On Thursday, 23 August 2018 at 17:02:12 UTC, Shachar Shemesh wrote:

On 23/08/18 18:35, Joakim wrote:

So your example of a fatal flaw is that D could be 100X faster at compilation instead of just 10X than most every other native language out there?! C'mon.

Have you tried Stephan's example yet?

static foreach(i; 0..16384) {}

I don't see any posts by a "Stephan" in this thread. I don't doubt that there are degenerate cases in D's compile-time features, particularly the new ones.

Each problem on its own, maybe not. All together? Most definitely.

A language needs to be coherent. A programmer needs to be able to look at code and know what the compiler will make of that code. The less that can happen, the less useful the language is.

This is, in fact, precisely the criticism the D community levels against C++.

Ah, I see none of these are "fatal flaws," but they all combine together to create a fatal situation. That's an argument that can actually be defended, but not the one you started off making.

By this rationale, C++ should be dead by now. Why do you think it's fatal to D?

C++ does not suffer from this *kind* of complexity. For the most part, C++'s complexity is feature centric. You use a feature, you need to really learn that feature in order to get it to work.

D's complexity is waiting to pounce you behind street corners. You use a feature, and all's well. And then, when you're doing stuff completely tangential to your old code, things suddenly break.

You can avoid C++'s complexity by not using features.

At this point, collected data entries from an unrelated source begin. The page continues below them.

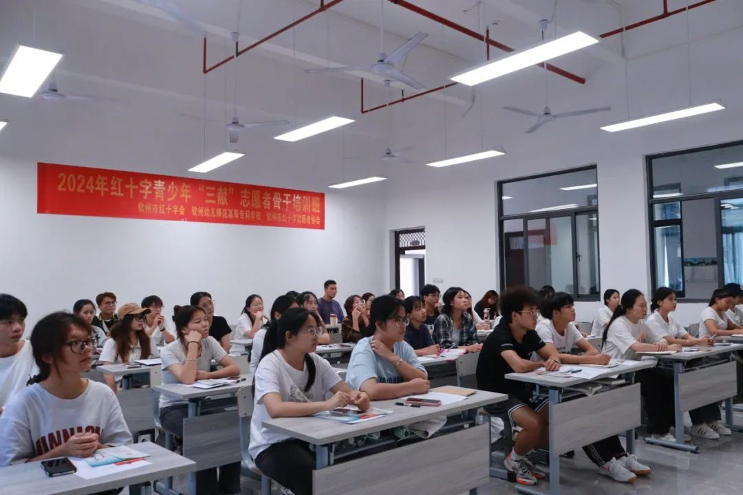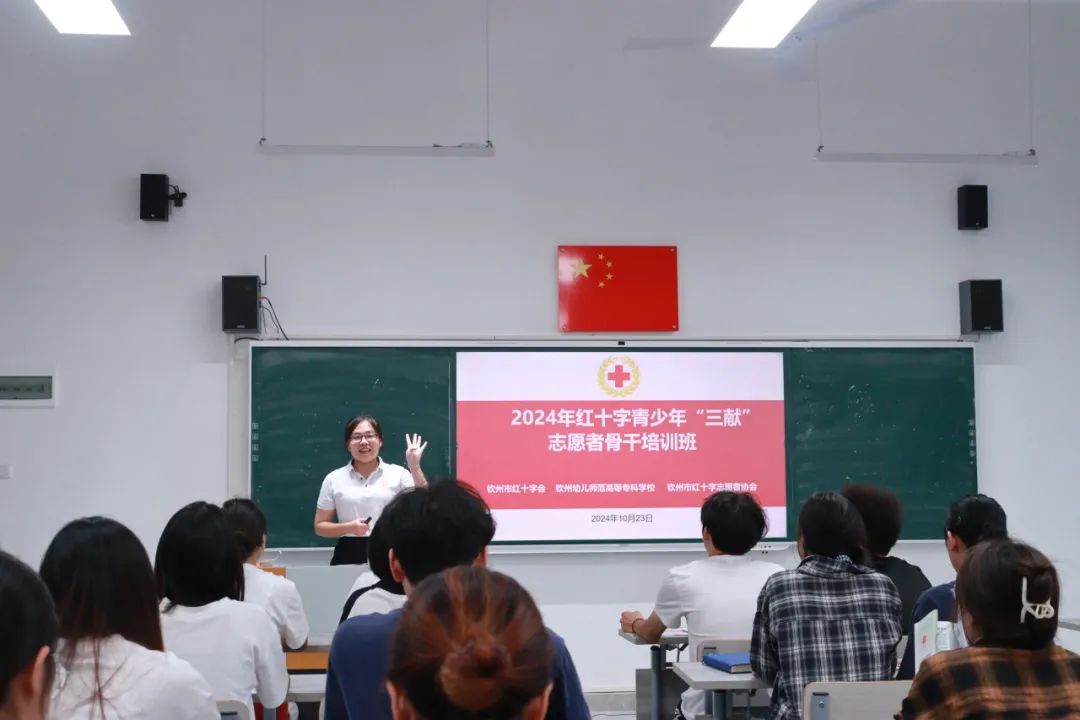为大力弘扬“人道、博爱、奉献”红十字精神,提高“三献”志愿服务工作效能,10月23日,我校联合钦州红十字会,举办红十字青少年“三献”志愿者骨干培训班。我校40名学生志愿者骨干参加培训。
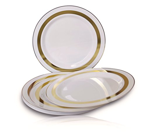 "OCCASIONS" 120 PACK, Heavyweight Disposable Wedding Party Plastic Plates (10.5'' Dinner Plate, White / Gold Rim)
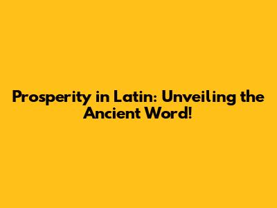 Unearthing the Latin Word for Prosperity
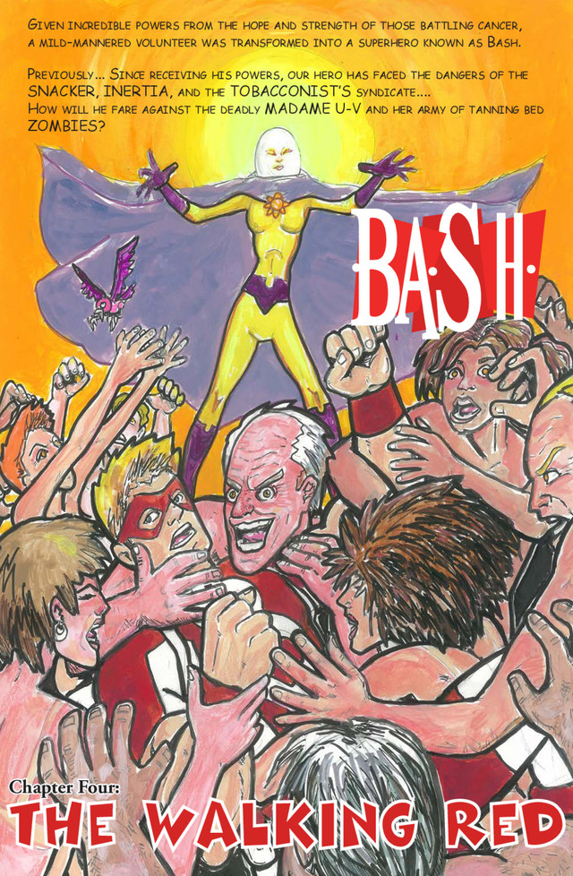 strength of those battling cancer, a mild-mannered volunteer was transformed into a superhero known as Bash. Previously... Since receiving his powers, our hero has faced the dangers of the SNACKER, INERTIA, and the TOBACCONIST’S syndicate.... How will he fare against the deadly MADAME U-V and her army of tanning bed ZOMBIES? Chapter Four:
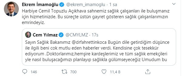 Sağlık Bakanı Fahrettin Koca'nın olumlu yanıt verdiği Cem Yılmaz'a bir çağrı da İstanbul Büyükşehir Belediye Başkanı Ekrem İmamoğlu'ndan geldi. Belediye Başkanı Ekrem İmamoğlu, Cem Yılmaz'ın tweet'ini alıntılayarak “Harbiye Cemil Topuzlu Açıkhava sahnemiz sağlık çalışanları ile buluşmanız için hizmetinizde. Bu süreçte üstün gayret gösteren sağlık çalışanlarımızın emrindeyiz" mesajını yayınladı. Cem Yılmaz hayranları şimdi hangi kuruluşun ünlü komedyene çağrı da bulunacağını merak ediyor. Konu ile ilgili gelişmeleri takipçilerimizle paylaşamaya devam edeceğiz.
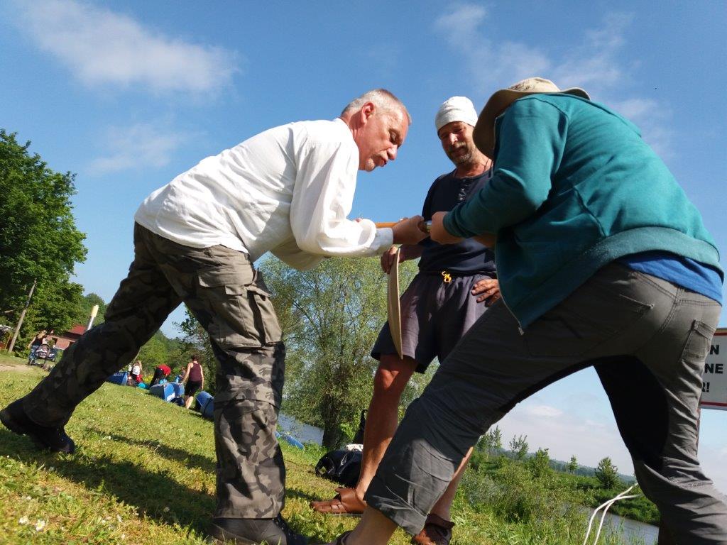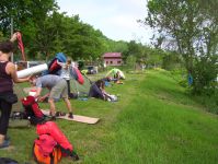 Am Abend des 24. Mai trafen sich gut 30 Freizeit- und Sportbe­geisterte auf dem Campingplatz Nordbad in Halle. Einige kannten sich bereits von früheren Touren. Andere, wie ich, waren das erste Mal dabei. Aber allein blieb ich nicht lange. Die gemischte Grup­pe aus Männern, Frauen und Kindern nahm mich offen auf. Natur und Sport verbindet eben! Schnell fand ich meine beiden Paddelkollegen...
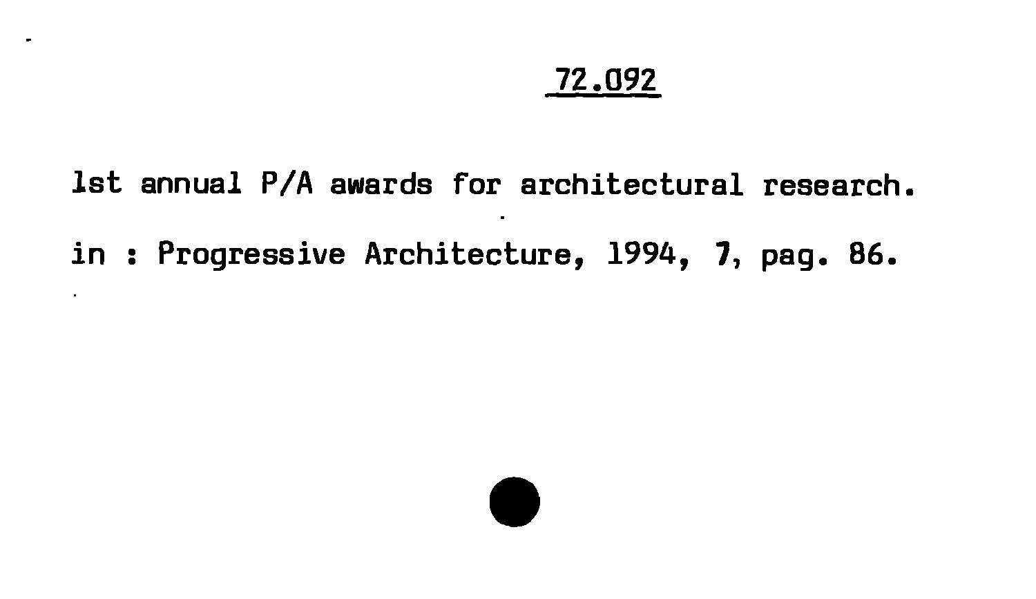 1st annual P/A awards for architectural research

The same is not true of D.

Sorry, it sounds like you're simply saying you prefer one type of complexity to another. I'm not a C++ developer, but my understanding is it has many of the same problems as D, more because of backwards compatibility.

With that said, who said these problems don't affect C++?

Nobody, that's my point in bringing it up.

Had C++ not being plagued by these problems, D (and Rust, and Go,
and so on) would probably never had been born. These are languages written with the explicit hope of killing C++.

They do not seem like they are going to, but D lacks quite a few things that C++ has going for it. To name a few:

* Large community
* excellent tooling
* large use base

My point was that C++ has always had what you believe to be the "fatal flaw" of incoherence, yet was able to build all those up. Walter has been there from the beginning and seen how C++ did it, perhaps his anarchy-driven development isn't so misguided after all.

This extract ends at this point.